[PROBLEM]
The expected output is every line of the data exactly as shown, minus the images.

[MATERIAL PROVIDED]
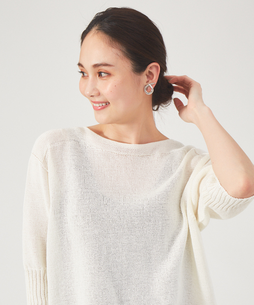 *Detail*毎シーズンロングヒットを遂げる、カリテ定番素材を使用した春のベーシックニットです。 麻のようなドライタッチのコットンで夏まで着られる優秀なニット。 ホールガーメントで着心地も抜群!今年は袖を7部丈にし、ロングシーズン着られる仕様に。 ボートネックの程よいあき感で女性らしさもプラスしお仕事などでもお使い頂きやすいデザインに。 *Coordinate* ON・OFF兼用、春~初夏時期までと、着回ししやすく長くお使いいただける春一押しニット◎ ベーシックながら着映えするニットは一枚でこなれスタイルが完成。 デニムはもちろん、きれいめなパンツ合わせでお仕事シーンにもぴったり。 オフホワイト モデル:H171 B80 W58 H86 着用サイズ:F チャコールグレー モデル:H171 B80 W58 H86 着用サイズ:F
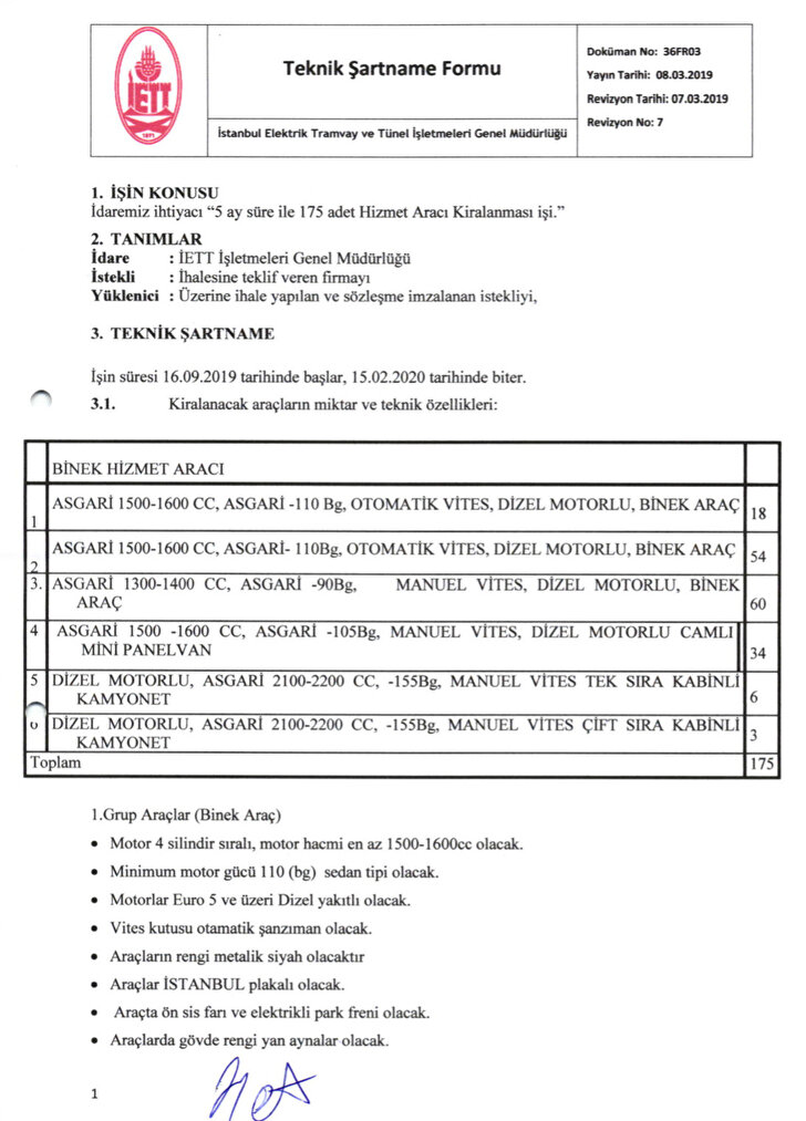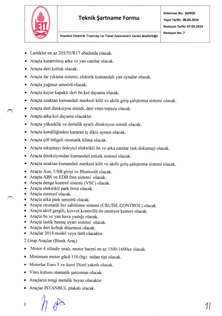 İstanbul Büyükşehir Belediyesi’nin iştirak şirketi üzerinden çıkılan 175 aracın 5 ay süreyle kiralanmasına yönelik ihalede, başvuru yapacak şirketlerden talep edilen özellikler dikkat çekiyor. Belediye tarafından ihale şartnamesine konulan araç özelliklerinden bazıları şu şekilde:
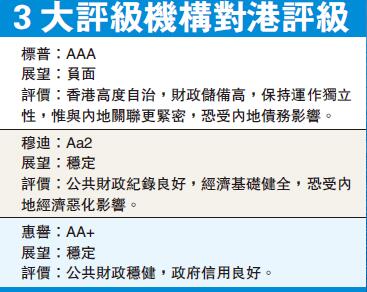 值得關注的是,另一評級機構穆迪上月宣稱,將內地信貸評級從「Aa3」下調至「A1」。因穆迪預期內地財政狀況在未來幾年會有所惡化,經濟增速將會減緩,整體經濟負債水平會繼續增長,未來幾年中國財政實力會減弱。而由於香港在經濟金融和政治等方面與內地聯繫緊密,故穆迪同時亦將香港評級從「Aa1」下調至「Aa2」。但是,兩地評級展望均由「負面」上調至「穩定」。
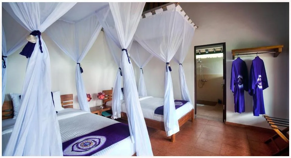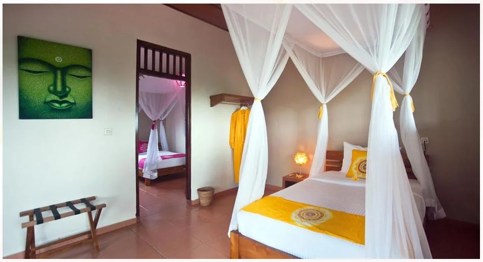 Nestled within an emerald sea of rice paddies just 7 minutes from the center of Ubud, Rainbow Villas consist of 5 newly renovated villas, each with its own verandah and private garden with fishpond. Rice paddy walks extend in every direction from the front door of your Rainbow Villa and the sunsets are beyond compare. Each of our 8 Chakra-themed bedrooms comes not only with its own story and color theme, but with en suite bathrooms, twin beds in the bedrooms for single or double occupancy, fans, optional portable air conditioning, rice paddy and sunset views, and open access to the retreat center’s luxurious amenities (just a 2-minute stroll from your villa).

[RESPONSE AREA]
 *Detail*毎シーズンロングヒットを遂げる、カリテ定番素材を使用した春のベーシックニットです。 麻のようなドライタッチのコットンで夏まで着られる優秀なニット。 ホールガーメントで着心地も抜群!今年は袖を7部丈にし、ロングシーズン着られる仕様に。 ボートネックの程よいあき感で女性らしさもプラスしお仕事などでもお使い頂きやすいデザインに。 *Coordinate* ON・OFF兼用、春~初夏時期までと、着回ししやすく長くお使いいただける春一押しニット◎ ベーシックながら着映えするニットは一枚でこなれスタイルが完成。 デニムはもちろん、きれいめなパンツ合わせでお仕事シーンにもぴったり。 オフホワイト モデル:H171 B80 W58 H86 着用サイズ:F チャコールグレー モデル:H171 B80 W58 H86 着用サイズ:F
 İstanbul Büyükşehir Belediyesi’nin iştirak şirketi üzerinden çıkılan 175 aracın 5 ay süreyle kiralanmasına yönelik ihalede, başvuru yapacak şirketlerden talep edilen özellikler dikkat çekiyor. Belediye tarafından ihale şartnamesine konulan araç özelliklerinden bazıları şu şekilde:
 值得關注的是,另一評級機構穆迪上月宣稱,將內地信貸評級從「Aa3」下調至「A1」。因穆迪預期內地財政狀況在未來幾年會有所惡化,經濟增速將會減緩,整體經濟負債水平會繼續增長,未來幾年中國財政實力會減弱。而由於香港在經濟金融和政治等方面與內地聯繫緊密,故穆迪同時亦將香港評級從「Aa1」下調至「Aa2」。但是,兩地評級展望均由「負面」上調至「穩定」。
 Nestled within an emerald sea of rice paddies just 7 minutes from the center of Ubud, Rainbow Villas consist of 5 newly renovated villas, each with its own verandah and private garden with fishpond. Rice paddy walks extend in every direction from the front door of your Rainbow Villa and the sunsets are beyond compare. Each of our 8 Chakra-themed bedrooms comes not only with its own story and color theme, but with en suite bathrooms, twin beds in the bedrooms for single or double occupancy, fans, optional portable air conditioning, rice paddy and sunset views, and open access to the retreat center’s luxurious amenities (just a 2-minute stroll from your villa).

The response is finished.